When it is mentioned that a circle is inscribed in a quadrilateral, does it mean that the circle touches all the 4 sides of the quadrilateral or can it just touch two of the sides .
In case, it has to touch all the 4 sides, then I guess the only rectangle in which this is possible is one with equal length and breadth  that in case of a square
So, if the circle touched all the 4 sides, then in the above questions, both 1) and 2) are sufficient and answer would be D. (although we would get different values for the areas from 1) and 2) )
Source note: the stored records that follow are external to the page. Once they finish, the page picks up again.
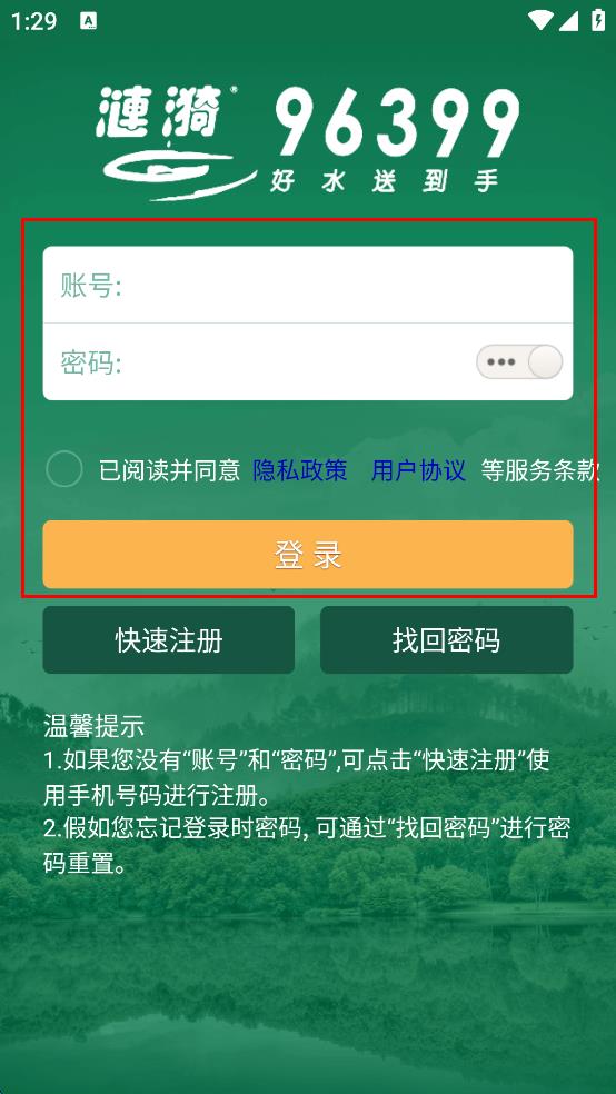 4、在登錄頁面,輸入賬號(hào)和密碼,勾選已閱讀并同意相關(guān)服務(wù)條款選項(xiàng),點(diǎn)擊登錄按鈕,完成賬戶登錄。
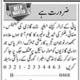 Vacant posts including helper and munshi are announced in Private Company Malir Karachi, karachi Sindh Pakistan as per 29 September 2025 advertisement in daily Dunya Newspaper. Preferred Education is Intermediate and Matric etc.
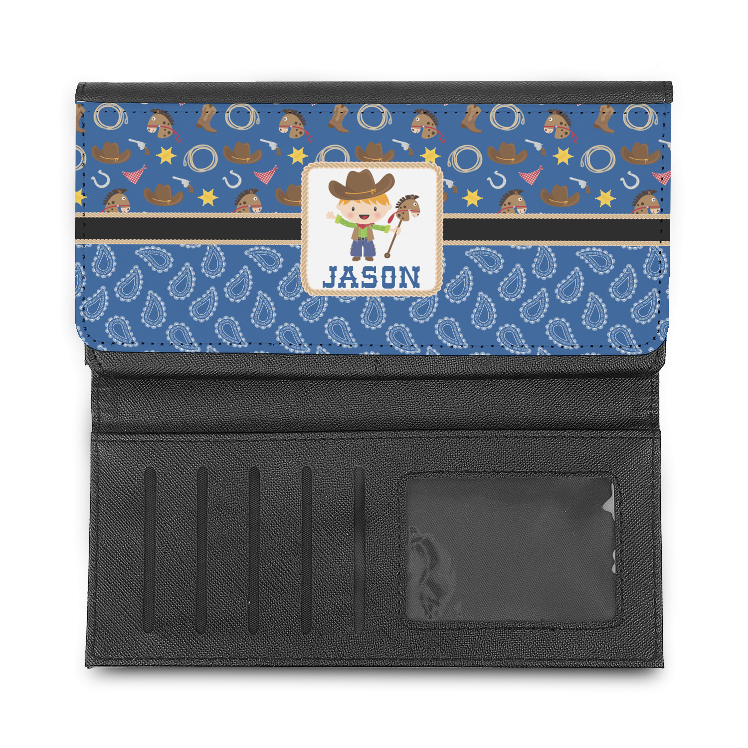 These beautiful wallets are a trifold design. The wallet is made of textured leatherette. The front section has a secure magnetic snap. The front flap is personalized with the artwork of your choice to make this wallet uniquely yours.
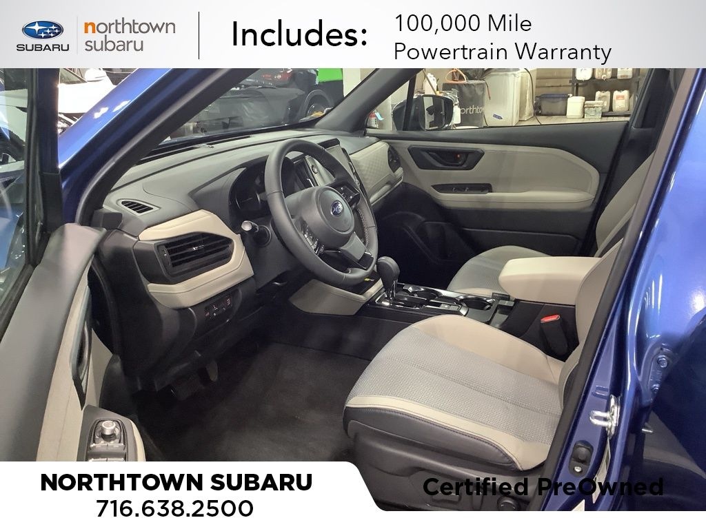 Step inside this Forester Premium and experience the epitome of modern comfort and convenience. Indulge in the premium textured cloth upholstery, heated front seats, and power driver's seat, creating a truly luxurious and personalized driving environment. The panoramic power moonroof floods the cabin with natural light, enhancing the overall ambiance.

Correct me guys if I am wrong.......
I agree with this. The problem is what "inscribed" means: is it touching 1, 2, 3 or 4 sides of the rectangle? I think this is not clear, so a figure would have helped.
In any case:
1) Not sufficient (unless inscribed means touchin all possible sides, so it would be a square with side =16)
2) Not sufficient in any case
1 + 2) The problem now is that these 2 statements conflict with each other: it is impossible to inscribe a circle (touching 1, 2, 3 or 4 sides) with radius 8 inside a rectangle where one of the sides is 5. A circle with radius 8 requires that the smaller of the sides of the rectangle be =16 (is circle touching 3 or 4 sides) or >16 (if it is touching 1 or 2 sides)
Answers A, B, C and D are discarded. I would go for answer E, but strictly this is not correct since although more information is needed, when combined with one of the 2 statements there will be two different results (whatever this information is).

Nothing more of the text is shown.